(Beginning of DATA IN THIS EXERCISE)
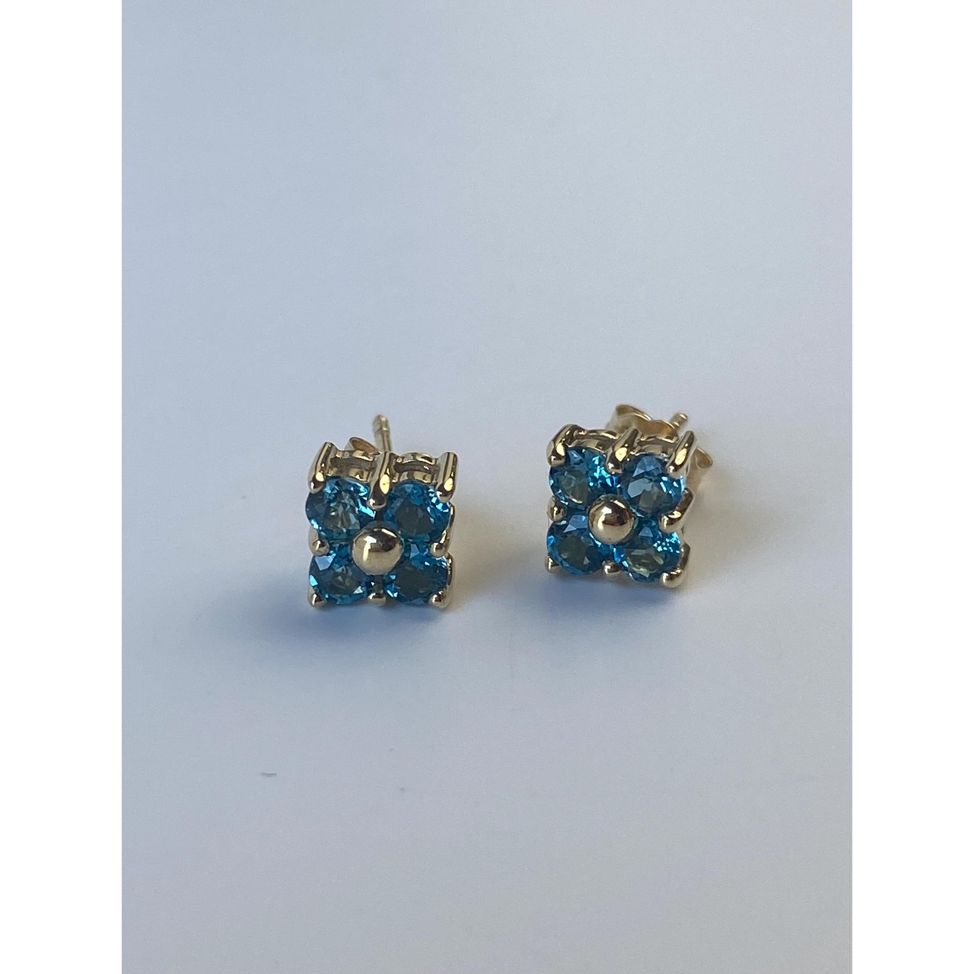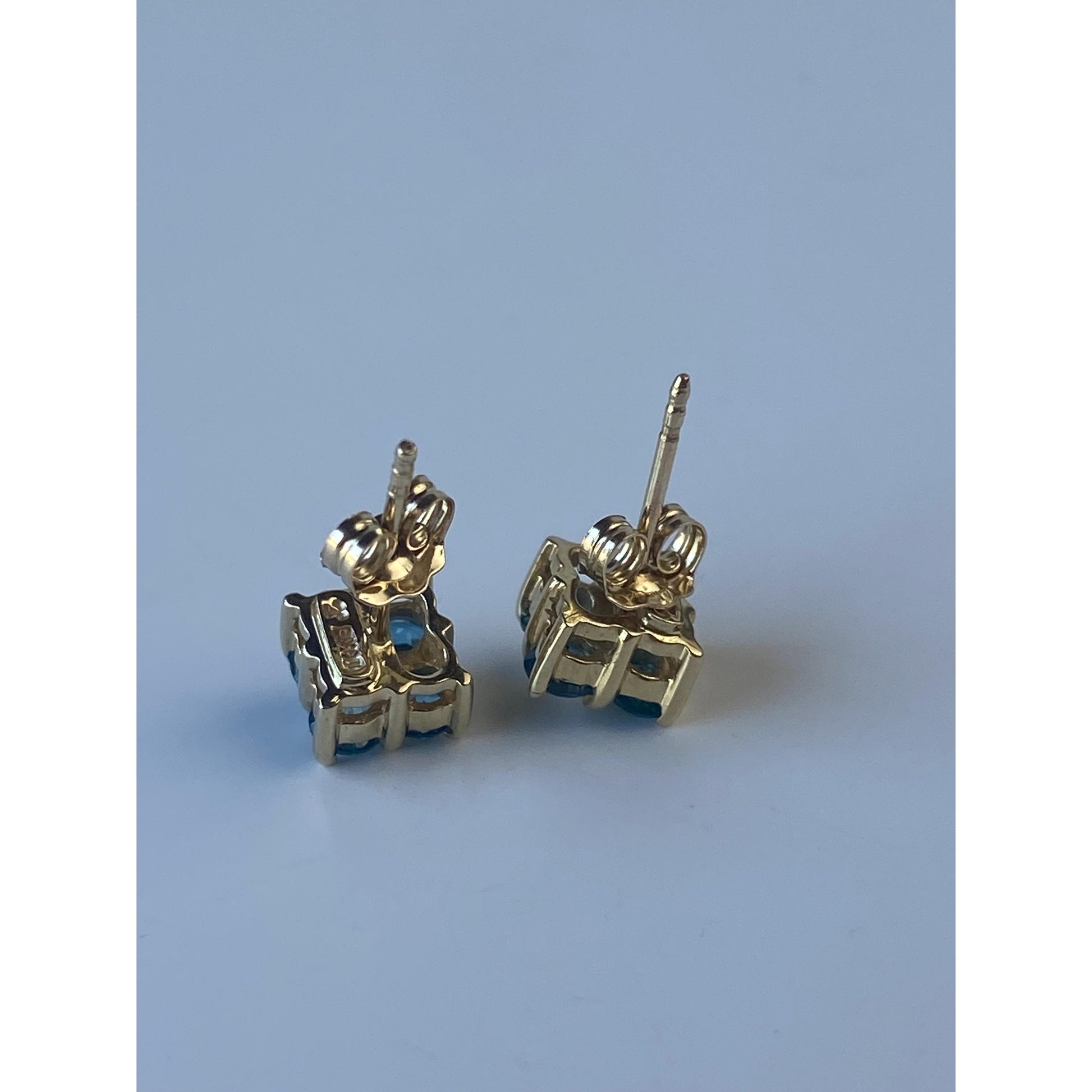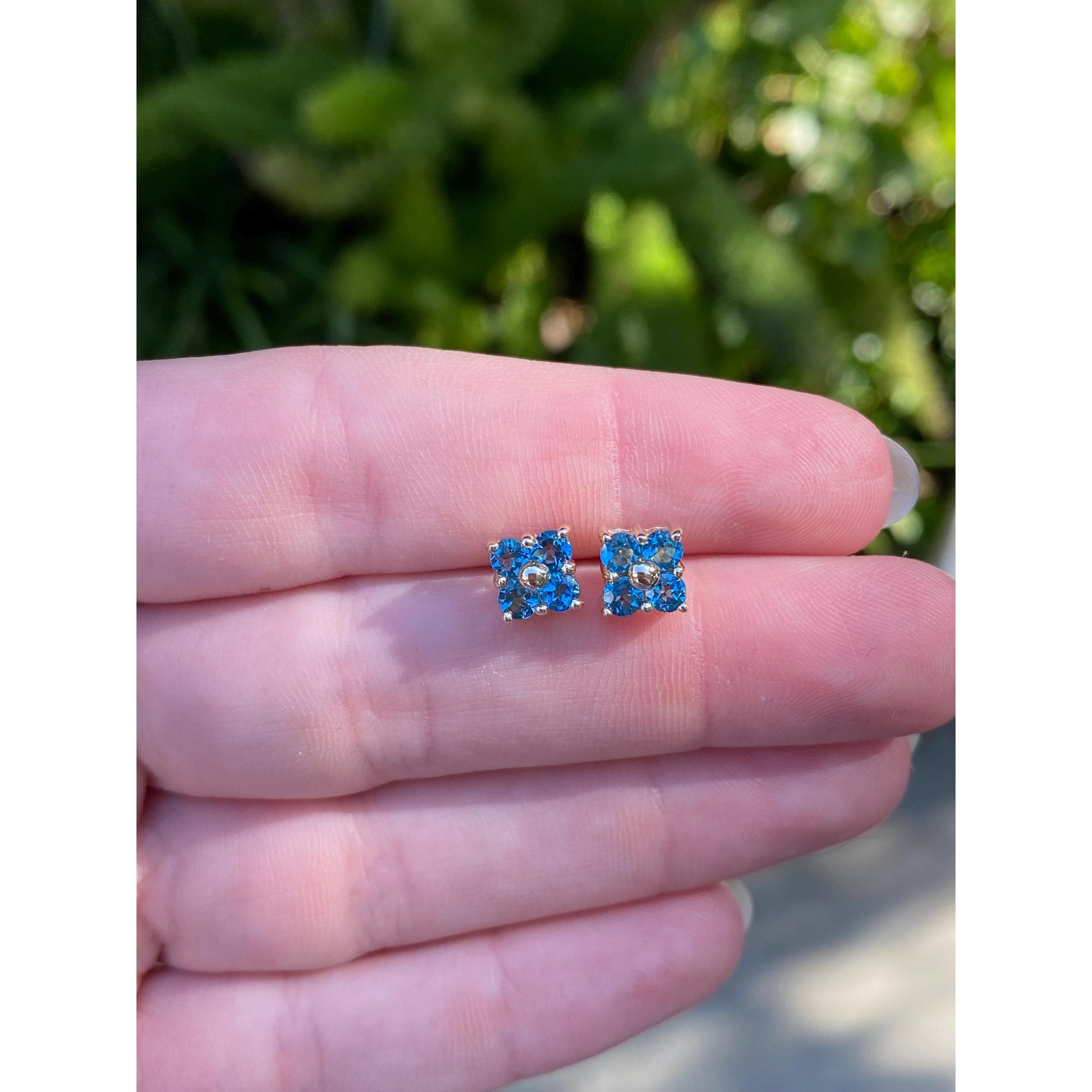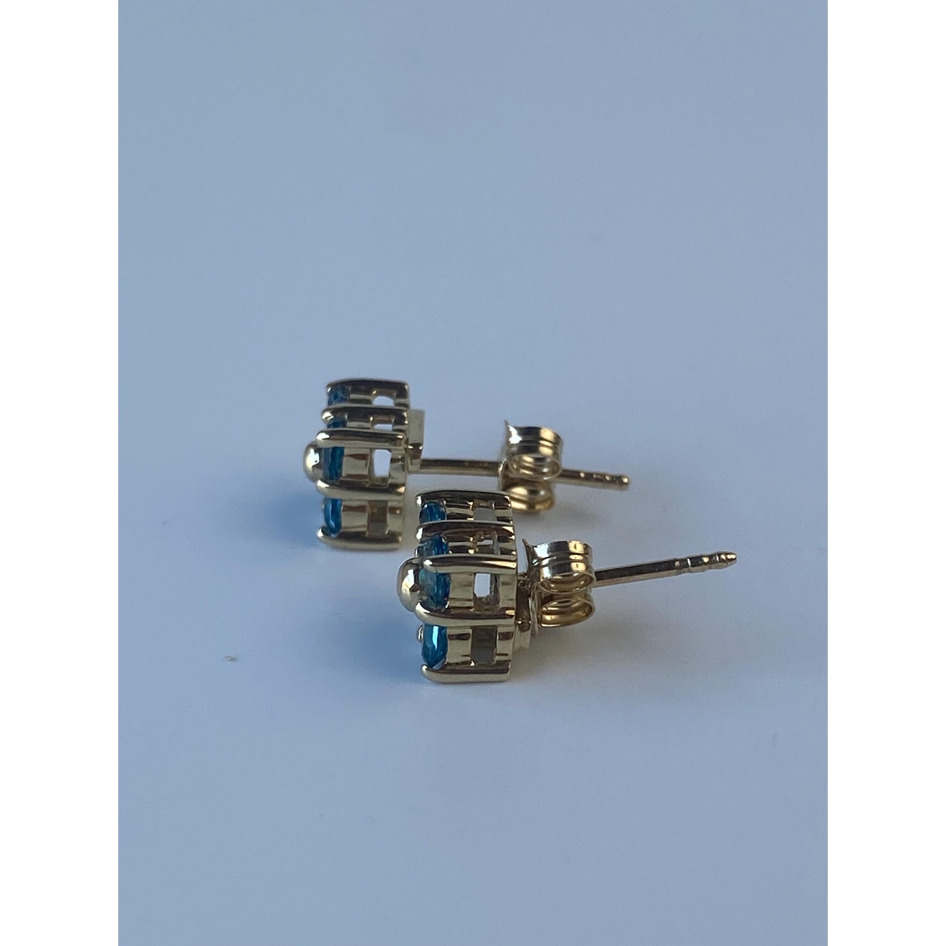 Vintage Solid 14k Yellow Gold Bright Blue Aquamarine Grid Stud Earrings
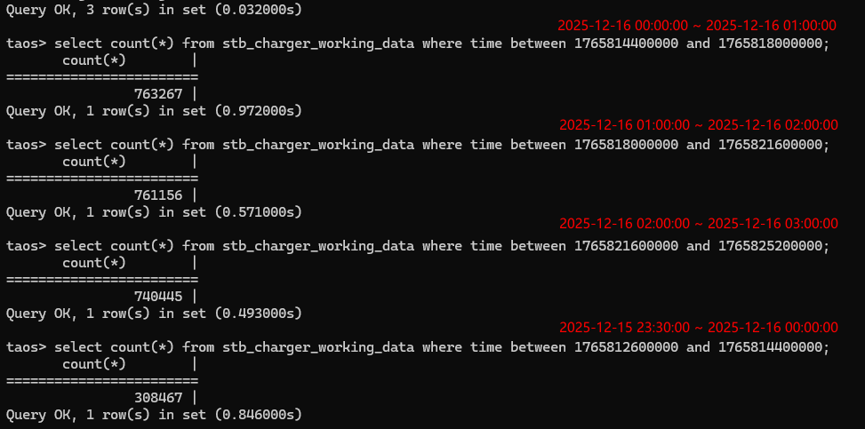 我们这边主要是做充电桩业务,晚上0点有大量家用充电桩发起充电,这时会大量写入工作数据,如下图
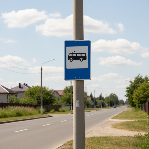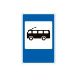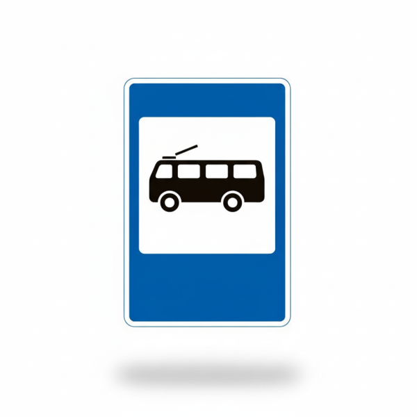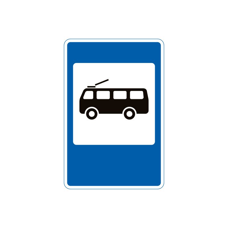 Цей дорожній знак позначає місце, де тролейбус здійснює посадку та висадку пасажирів. Його встановлюють біля зупинок тролейбусів для забезпечення безпеки пасажирів та водіїв. Знак має чітке впізнавання, що допомагає пасажирам знаходити необхідну зупинку.
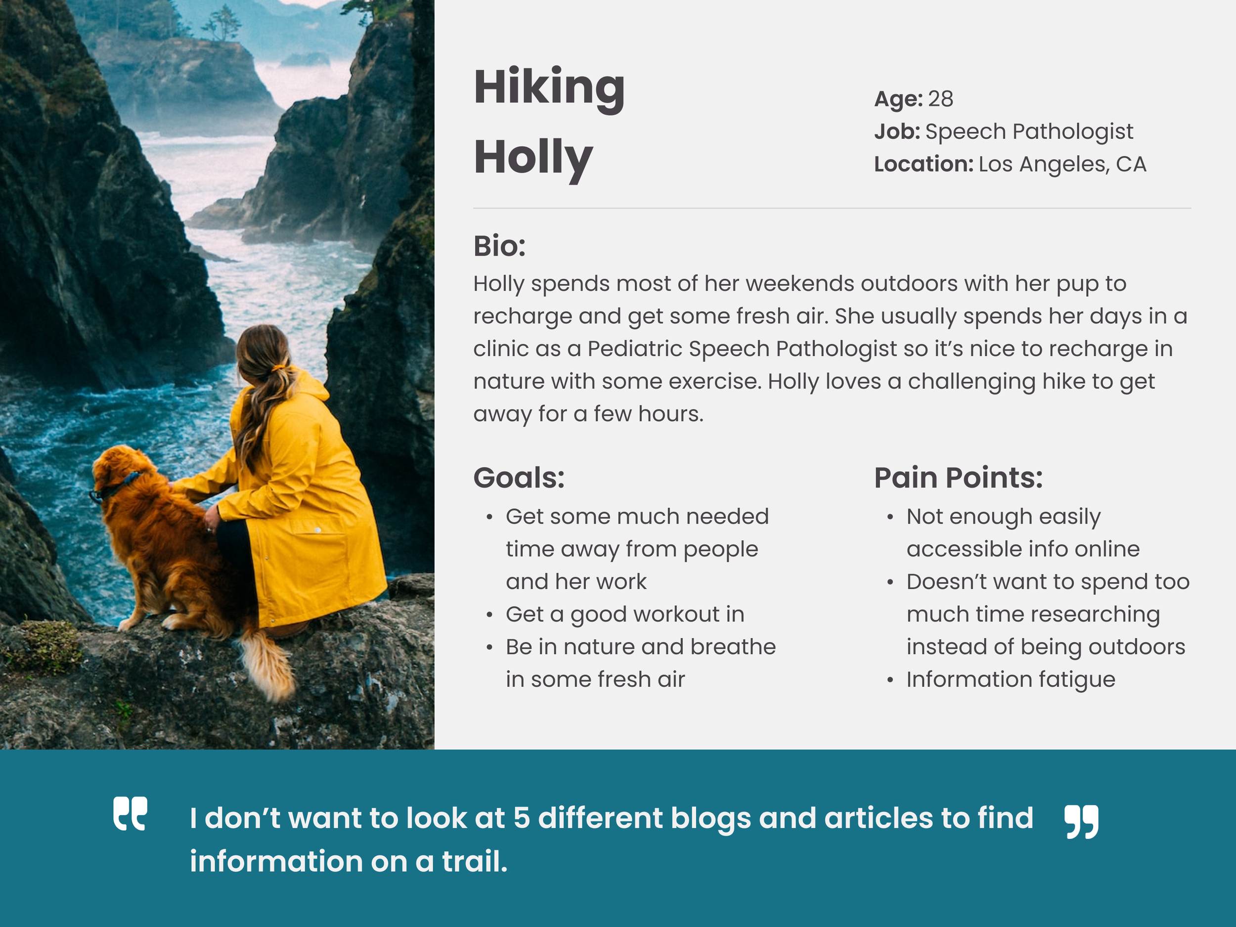 Hiking should be a fun and adventurous experience, but the research process can often be challenging and time consuming. We already spend so much time looking at screens during the week for work, so getting outdoors for a hike should be an easy and seamless process. Happy Hiker exists to simplify the hiking experience by creating an all in one platform that provides comprehensive trail information.
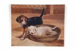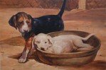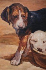 English Victorian style (20th Century) painting of a yellow lab puppy sleeping in a basket, while a brown, black and white puppy walks by, with a chain-link fence in the background, on plywood.
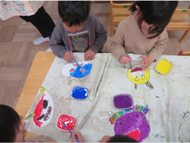 最後は好きな色の絵の具で塗っていきます
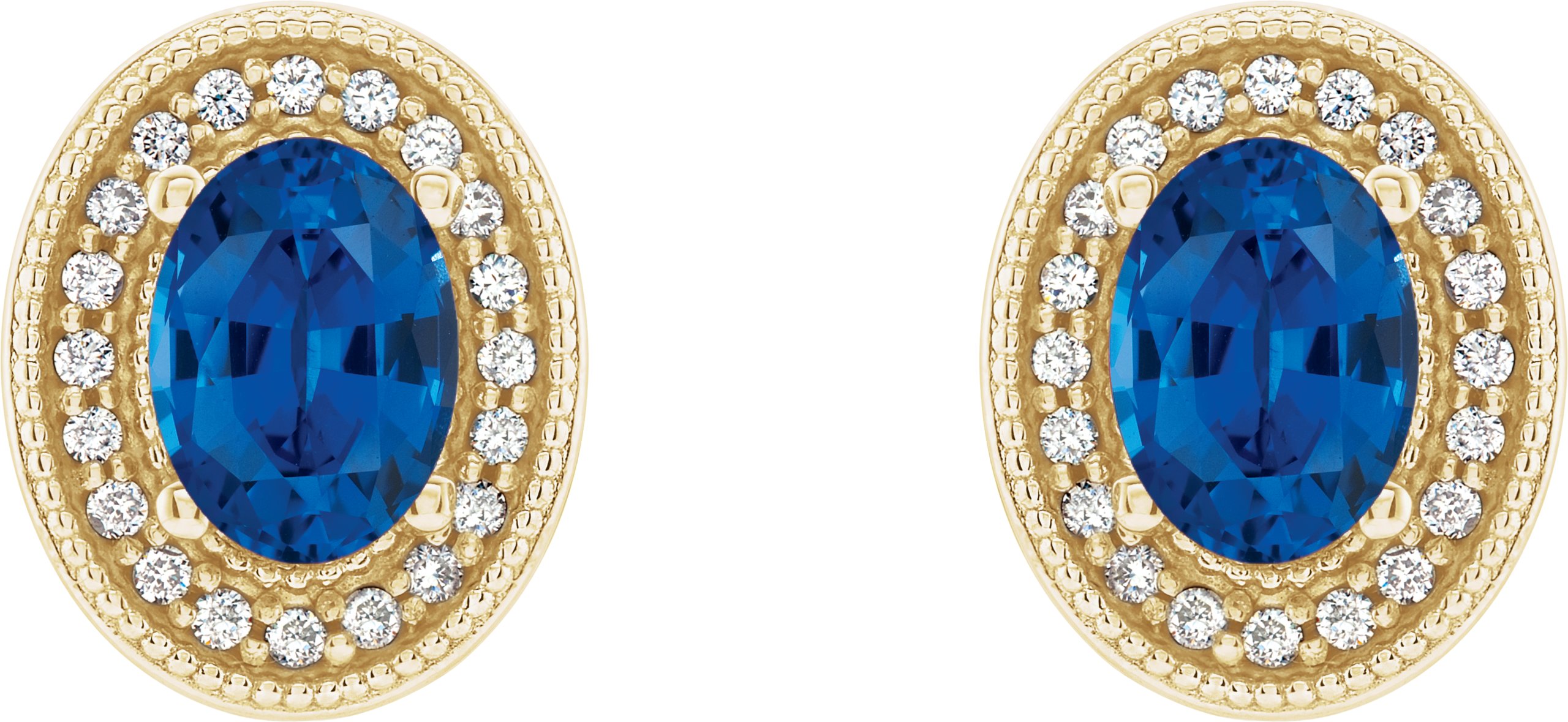 14K Yellow Blue Sapphire & 1/5 CTW Diamond Halo Style Earrings
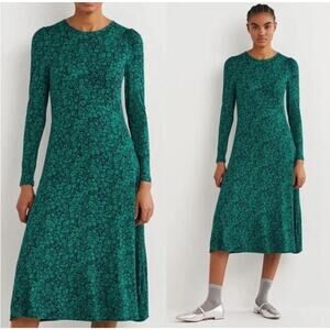 NWT Boden Jersey Midi Dress Floral Modest Cottagecore Blue Green Women's US 12L
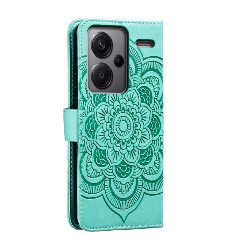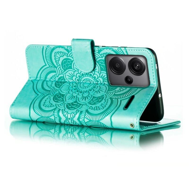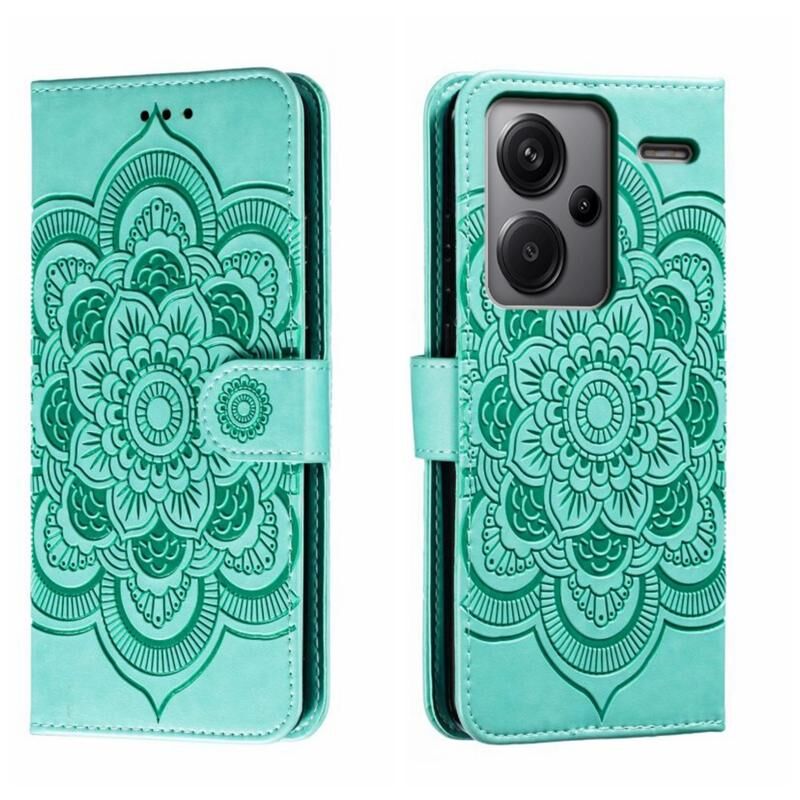 Για Xiaomi Redmi Note 13 Pro + Sun Mandala ανάγλυφο μοτίβο τηλέφωνο δερμάτινη θήκη (πράσινο)
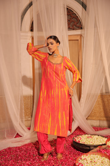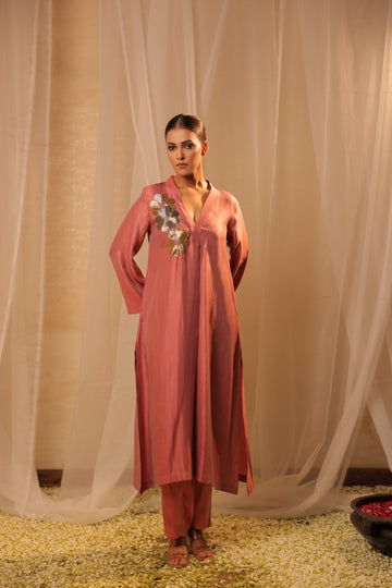 This beautiful salmon pink kurta is made from organic shimmer fabric, ensuring a luxurious no-crush...
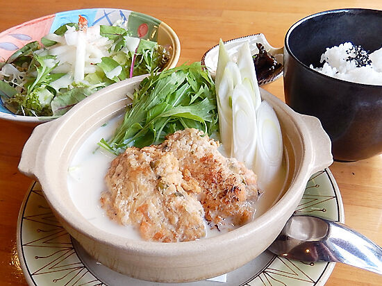 こんりゃま~、ホッカホカの鍋だんべ~!ベジブロスと呼ばれるあらゆる野菜からとった旨みコンソメと牛乳を合わせたスープに、県産の野菜とヤシオマスのつくねがどーんと入っているんだわ~。つくねは軟らかくて魚の風味とセージの香りが効いていて、うんまいよ!新米ご飯をスープに入れてリゾット風にもできるし、かあちゃんあっという間にペロリと食べちゃったよ!梨のサラダは斬新だね~。ルッコラなどの風味のあるハーブや葉物野菜と、甘くてシャリシャリの梨の組み合わせが新鮮だなぃ!自家製ハーブドレッシングがこれまたうんまいよ~。
(End of DATA IN THIS EXERCISE)
ASSIGNMENT >>
Leaving every picture behind, retype the entries above exactly, from the first line through the line with "Hiking should be", and stop there.

COMPLETED TASK >>
 Vintage Solid 14k Yellow Gold Bright Blue Aquamarine Grid Stud Earrings
 我们这边主要是做充电桩业务,晚上0点有大量家用充电桩发起充电,这时会大量写入工作数据,如下图
 Цей дорожній знак позначає місце, де тролейбус здійснює посадку та висадку пасажирів. Його встановлюють біля зупинок тролейбусів для забезпечення безпеки пасажирів та водіїв. Знак має чітке впізнавання, що допомагає пасажирам знаходити необхідну зупинку.
 Hiking should be a fun and adventurous experience, but the research process can often be challenging and time consuming. We already spend so much time looking at screens during the week for work, so getting outdoors for a hike should be an easy and seamless process. Happy Hiker exists to simplify the hiking experience by creating an all in one platform that provides comprehensive trail information.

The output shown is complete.